Тарханов несколько мгновений с напряженным вниманием разглядывал узор ковра; на ковре изображены были букеты и гирлянды, толстый амур летел со стрелой в руках, нога Венеры торчала из-под письменного стола и вокруг плыли облака и цветы, облака и звезды, облака и цветы...
Он качнул головой и начал говорить, с трудом выдавливая из себя одну фразу за другою.
- Совет союза казачьих войск предложил генералу Краснову...
XVI
- Это какая деревня будет?
- Селькилево.
- А эта, напротив?
- А это будет Монделево.
- Ну, спасибо.
Галина кивнула головой и быстро отошла от повозки.
Финн погладил свою бороду, которая росла откуда-то снизу, из рубашки, и замахнулся на лошадь. Тут же он придержал ее и, оборотившись, закричал на Галину.
- Ну, куда посол, куда ты посол? Сута не нужна ходить, там треляют.
И видя, что Галина не оборачивается, он запыхтел, сердито шлепнул губами и погнал лошадь.
В Сельгилеве стреляли. Вызванный с Северного фронта и пришедший уже после перемирия ударный батальон утром 1 ноября застрелил парламентеров Военно-Революционного Комитета и пошел в наступление со стороны Витебской железной дороги.
Редкие ружейные выстрелы прерывались, начинались снова.
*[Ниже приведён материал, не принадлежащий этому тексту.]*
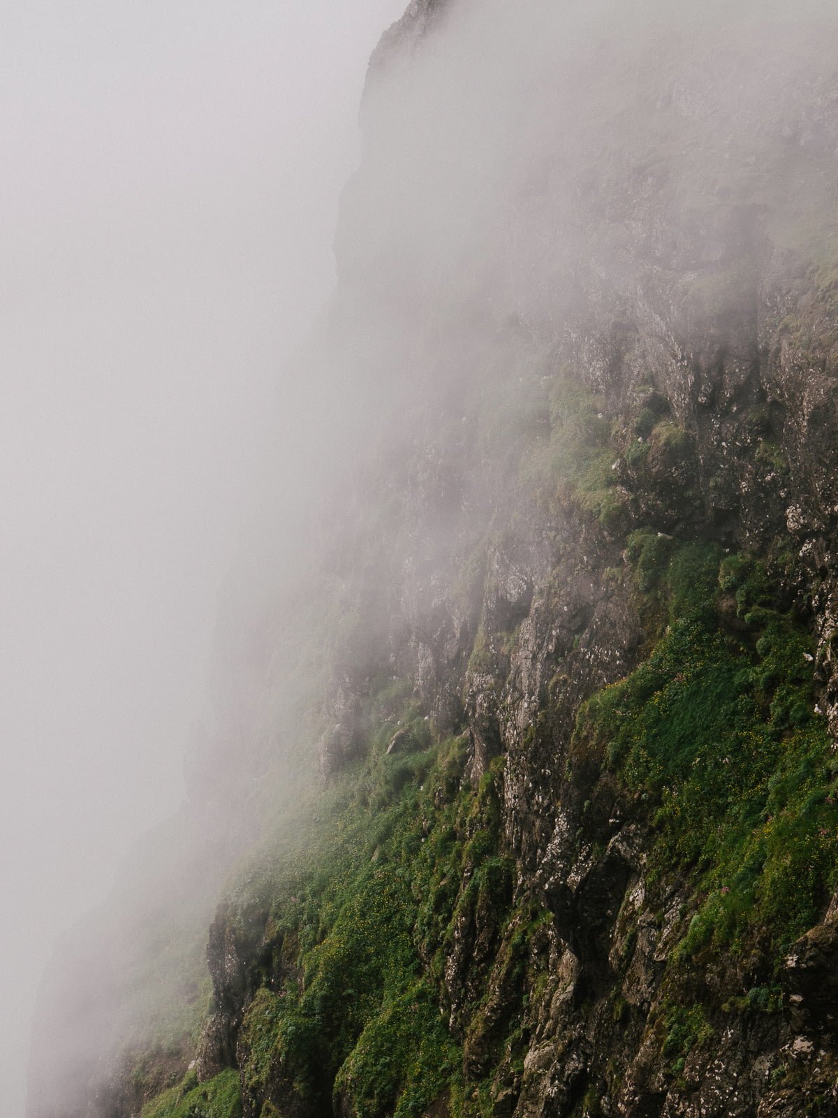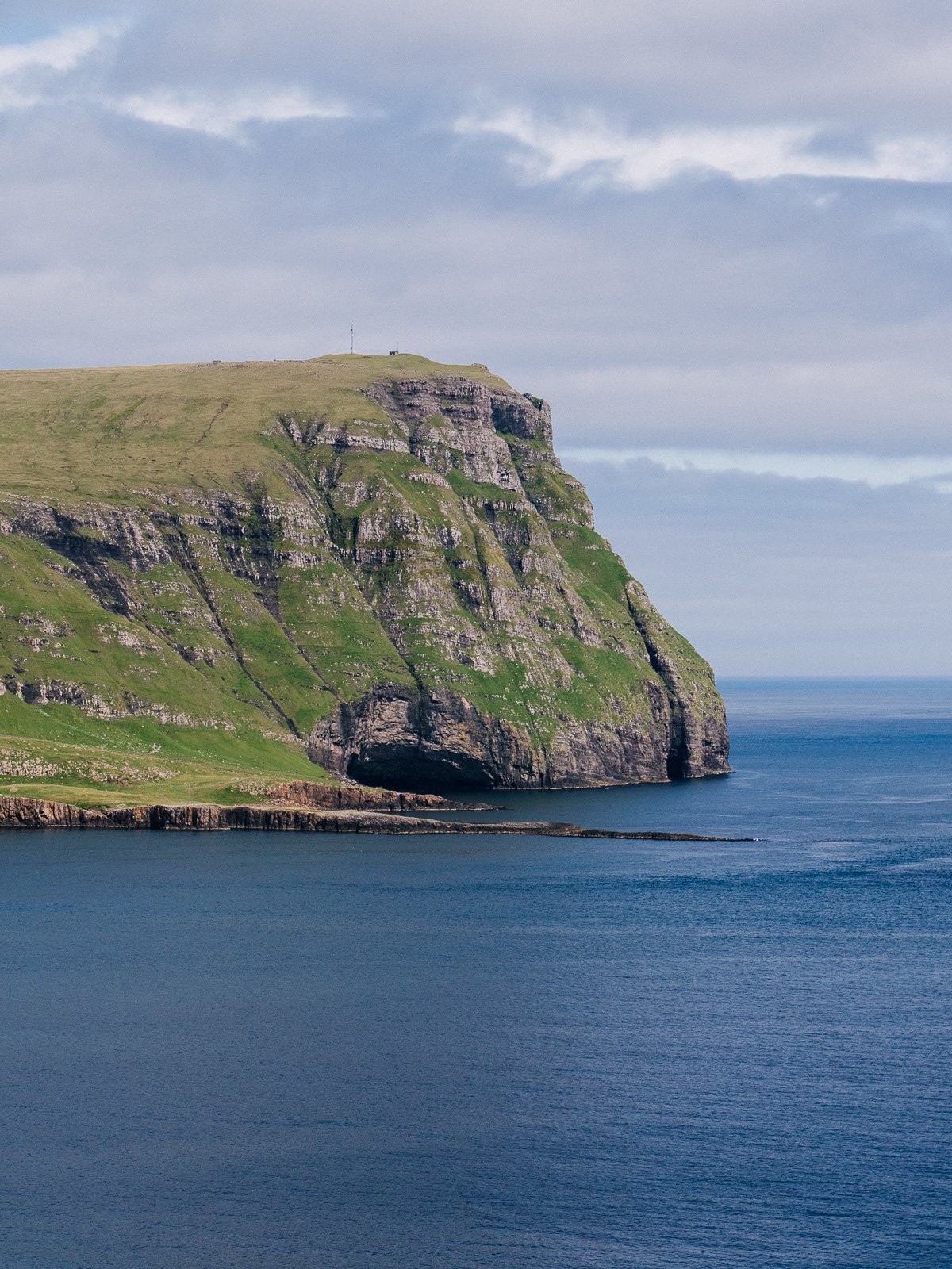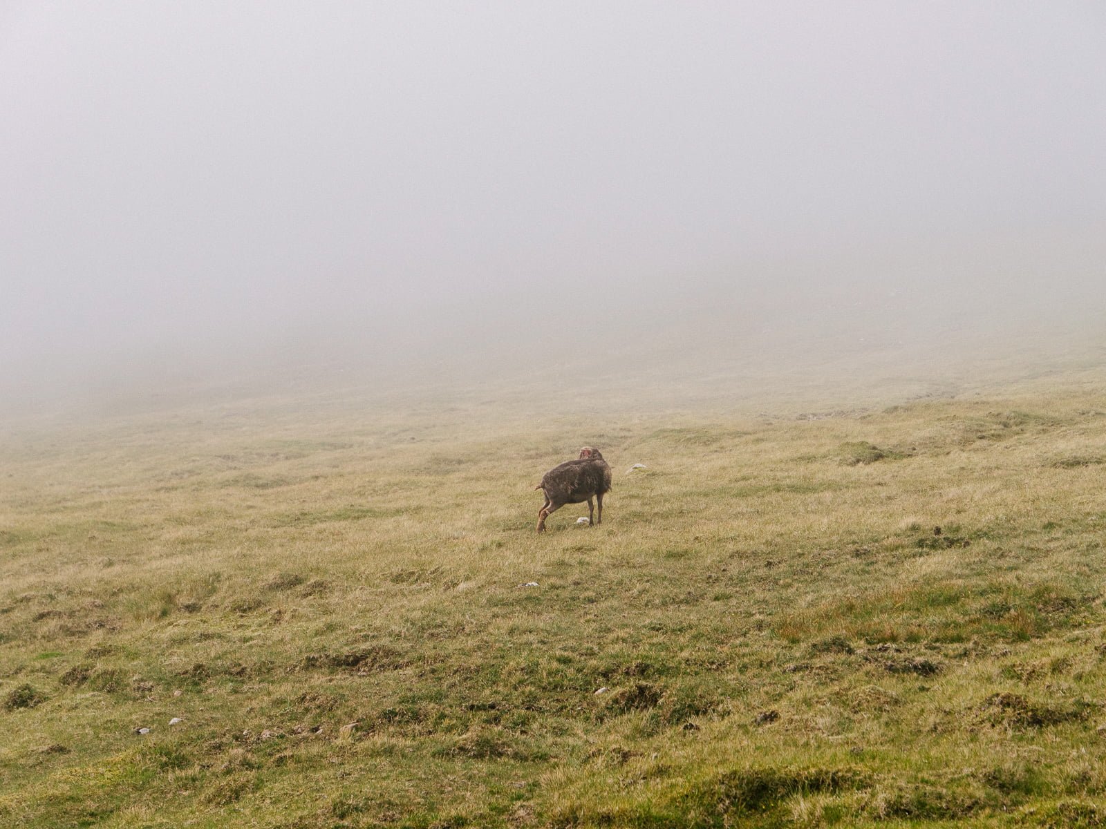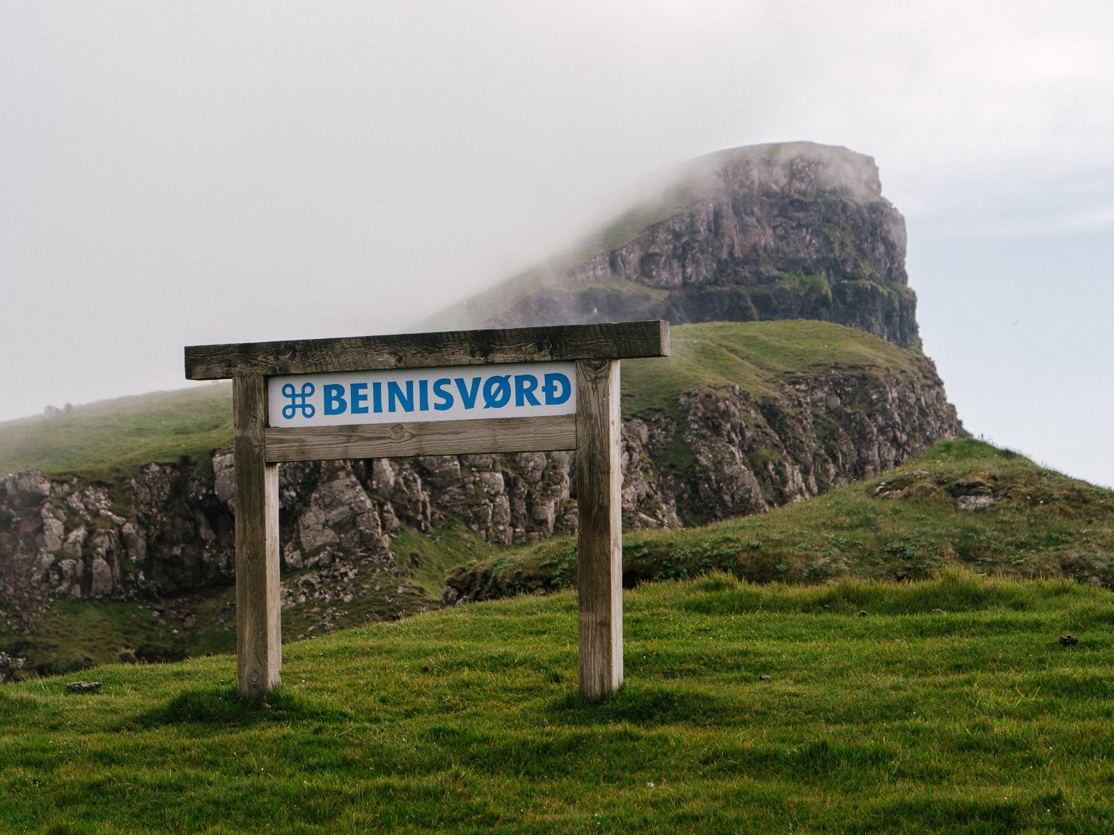 At the southern tip of the island lie some high cliffs that are draped in fog as we arrive. There’s a viewing platform that looks out to the lighthouse, where me meet a man named Sammi. He lives in Sumba, and walks up here every couple of days for the exercise. We chat for a while about the weather and the World Cup, and he enthuses about the Beinisvørð cliffs that sit near the roadside on the northward mountain road—although, he says, we might struggle to see anything in this fog.

Изредка принимался работать пулемет.
Галина подошла к лесу и за ним неожиданно скрылась деревня, которую она только-что ясно видела с дороги.
Лес был болотистый, широкие лужи пересекали время от времени заросшую вязкую тропинку. Голые сучья были навалены поперек непроходимых мест, и эти сучья пружинили и скользили под ногами.
Неглубокий окоп встретился ей неподалеку от тропинки; мертвая лошадь лежала возле него, вытянув тонкие, сухие ноги, оскалив желтые зубы.
Деревья стали редеть, и за почерневшими от дождя стволами показались унылые крыши деревни.
Выстрелы стали повторяться все чаще и чаще и, выйдя на открытое место, Галина сразу почувствовала, что дальше нельзя итти так, как она шла до сих пор, что невидимая и знакомая опасность охватывает все вокруг нее: и горбатые стволы деревьев, и голые избы, которыми начинается деревня; это чувство утраивалось тем, что она не видела вокруг себя ни одного человека.
Маленький кусочек коры, взбрызнутый пулей, упал к ее ногам. Она машинально подняла его, размяла в руках и, неожиданно для себя самой, торопливо побежала через опушку к деревне.
Она бежала, подбирая юбку, стараясь держаться сухих мест, прыгая по кочкам.
Пронзительный и тупой визг пуль все учащался, время от времени закатывался долгий, почти непрерывный стук пулемета.
Она бросилась на землю, прямо в холодную вязкую грязь и ползком стала перебираться через опушку.
Замызганная сторожка с провалившейся соломенной крышей была в двадцати шагах от нее. Галина вскочила на ноги и, ничего не чувствуя, кроме желания уйти, укрыться от этого визга пуль на пустом месте, побежала к сторожке.
Маленькая кривая дверь качалась на одной петле, она торопливо распахнула дверь и остановилась на пороге.
В этой сторожке, под низким потолком, между задымленных стен, у разбитых окон стояли, сидели и лежали люди.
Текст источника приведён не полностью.